White v. Panic

793 A.2d 356, 2000 Del. Ch. LEXIS 14, 2000 WL 33709848
CourtCourt of Chancery of Delaware
DecidedJanuary 19, 2000
DocketCiv. A. 16800
StatusPublished
Cited by32 cases

This text of 793 A.2d 356 (White v. Panic) is published on Counsel Stack Legal Research, covering Court of Chancery of Delaware primary law. Counsel Stack provides free access to over 12 million legal documents including statutes, case law, regulations, and constitutions.

Bluebook
White v. Panic, 793 A.2d 356, 2000 Del. Ch. LEXIS 14, 2000 WL 33709848 (Del. Ct. App. 2000).

Opinion

OPINION

LAMB, Vice Chancellor.

I. INTRODUCTION

In July 1998 U.S. News and World Report ran a cover story focusing on sexual harassment by CEOs. The article discussed the troubles facing ICN Pharmaceuticals, Inc., arising from alleged misconduct by Milan Panic, the company’s founder and Chief Executive Officer. The story noted that numerous former ICN female employees had filed complaints of sexual harassment against Panic and that ICN had been sued by, and settled with, several of the aggrieved women.

*359 After he and his lawyers read this article, Andrew White, a shareholder of ICN, filed a derivative complaint in November 1998, naming Panic and the other members of the ICN Board of Directors as defendants. White alleged that Panic breached his fiduciary duties to ICN shareholders by his alleged workplace sexual harassment. White further claimed that the other ICN directors breached their fiduciary duties by affirmatively taking steps that absolved Panic from responsibility for his behavior and by failing to implement proper control mechanisms.

The defendants have moved to dismiss on the grounds that (1) plaintiff failed to make a demand on the corporate board, as required by Court of Chancery Rule 28.1, and cannot provide a basis for excusing demand, and (2) the complaint fails to state a cognizable claim.

Having considered the parties’ positions, as. advanced in their briefs and at oral argument, I grant defendants’ motion to dismiss pursuant to Rule 23.1. I do not, therefore, reach their contention that the complaint fails to state a claim upon which relief may be granted.

II. FACTUAL BACKGROUND 1

A. The Parties

Plaintiff Andrew White is a shareholder of nominal defendant ICN, which manufactures and markets pharmaceutical products in over 90 countries. Its stock is traded on the New York Stock Exchange. ICN is the largest pharmaceutical company in Russia and Yugoslavia.
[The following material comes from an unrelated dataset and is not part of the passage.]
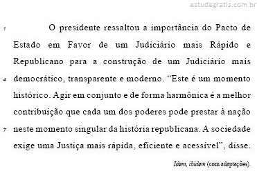 Pelos sentidos do texto, estaria correto no lugar de "disse" (L.8) qualquer uma das seguintes opções: disse ele, disse o presidente, foram as palavras do presidente, foi a declaração do presidente.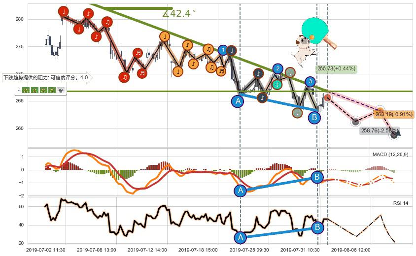 ➣ 预测:2019-08-07 11:00,【试探阻力】稳定目前下跌趋势的前提下,预测价格:263.19

ICN’s founder, Panic has been the company’s Chairman of the Board and CEO since 1960. He was president of the company until 1997. Panic served as Prime Minister of Yugoslavia from 1992 to 1993.

The other ICN board members are Weldon B. Jolley, Thomas H. Lenagh, Roberts A. Smith, Richard W. Starr, Andrei Kozy-rev, Norman Barker, Jr., Birch E. Bayh, Jr., Alan F. Charles, Adam Jerney, Stephen D. Moses, Roger Guillemin, Jean-Francois Kurz, Charles T. Manatt and Michael Smith (collectively, the “Director Defendants”).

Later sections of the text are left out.